Lord Chancellor Campbell.—I am of opinion that this appeal ought to be dismissed as incompetent. The statutes on this subject, by which we must be governed, seem to me to divide cases in the Court of Session, with respect to the appeal to the House of Lords, into three classes— first, cases in which an appeal is expressly and absolutely forbidden; second, cases in which an appeal is competent with the leave of the Court, and not otherwise; third, cases in which, without the leave of the Court, and even after the refusal of leave by the Court, the parties may appeal de jure. The question is, whether this appeal is to be referred to the second or the third class.
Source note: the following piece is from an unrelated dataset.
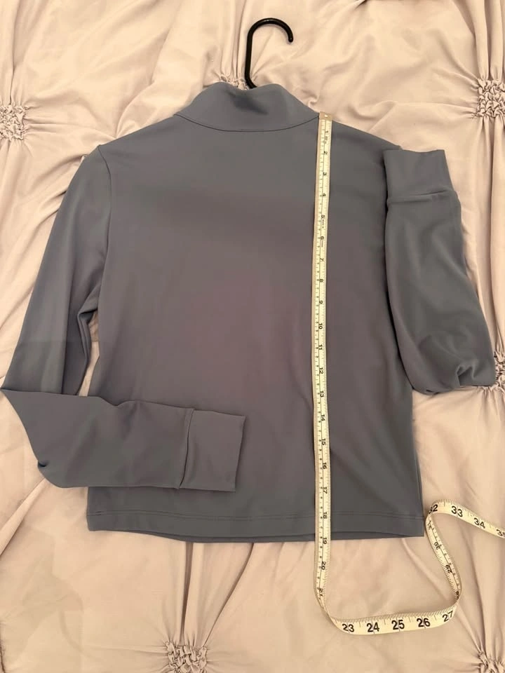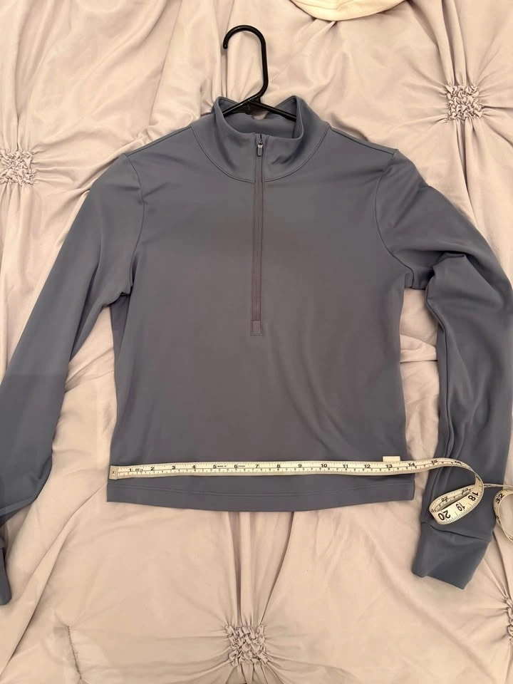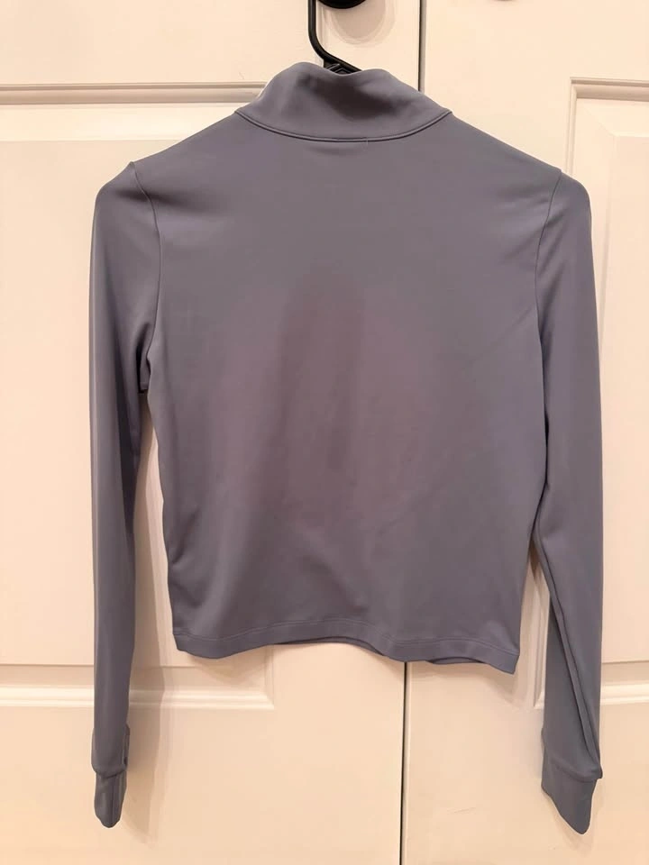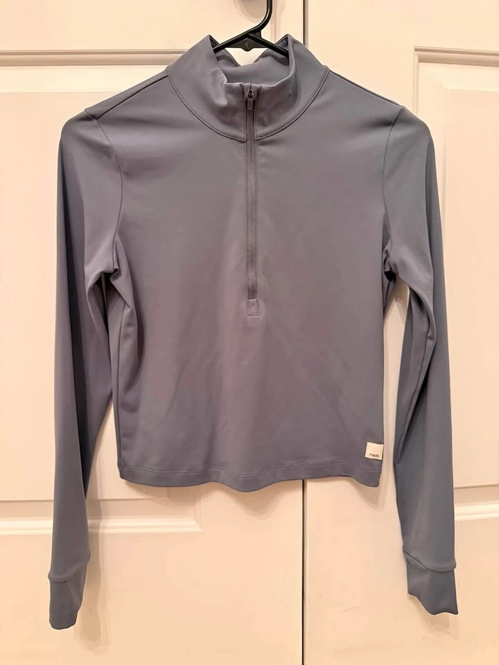 Vuori women’s cropped half-zip pullover in a sleek slate/blue-gray shade. Soft, smooth and stretchy with a stand collar, quarter/half zip front, and a clean minimalist look—perfect for workouts, tennis, hiking, or everyday athleisure. Size S. Like new condition (5/5).

As the interlocutors appealed against were pronounced by the Court without any difference of opinion among the Judges, they can be referred to the third class only, on the ground that they are not “interlocutory judgments,” and that they are “judgments or decrees on the whole merits of the cause.”

It has been said that a decree, against which there may be a right to appeal, need not necessarily exhaust the merits of the cause; neither is it necessary that it should be an extractable decree. I assent to this if the decree be on the whole merits of the cause. Although it need not technically dispose of every point which may have been raised upon the record, it may substantially decide all the questions in controversy between the parties.
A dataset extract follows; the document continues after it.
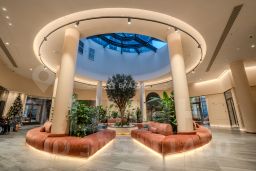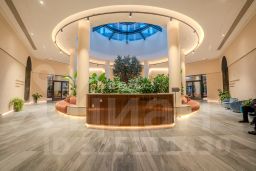 Три башни объединены общим вестибюлем. Авторская находка - зеленая зона ожидания с крупными деревьями под центральным витражом холла. Для встреч с друзьями и проведения мероприятий предусмотрена лаундж-зона.

A most ample opportunity is given to bring before the House of Lords every interlocutor pronounced in every cause, except interlocutors with respect to which there is an express and absolute prohibition to appeal, such as interlocutors directing or refusing a trial by jury, or interlocutors granting or refusing a new trial on the facts. With these exceptions, there is an immediate right of appeal where the Court is divided. The Court, although unanimous, may give leave to appeal immediately; and when a final judgment or decree is appealed from, in the words of the act of parliament, “it is competent to either party to appeal to the House of Lords from all or any of the interlocutors that may have been pronounced in the cause,—so that the whole, so far as it is necessary, may be brought under the review of the House of Lords.” In some of the discussions on the subject, the counsel have argued as if the question had been, whether any appeal was competent against the interlocutors complained of, forgetting that, with leave of the Court, the appeal would be competent as soon as the interlocutor complained of has been pronounced; and that, at all events, after the final decree, this interlocutor may be brought before the House of Lords, and, if erroneous, will be reversed. The only question is as to the time when the appeal shall be taken. The legislature, vesting an ample discretion in the Court to give leave for an immediate appeal against what is only “an interlocutory judgment,” has considered that, if this leave is refused, it would, upon the whole, be for the ends of justice and the suitors, to forbid an appeal till the cause has been substantially decided.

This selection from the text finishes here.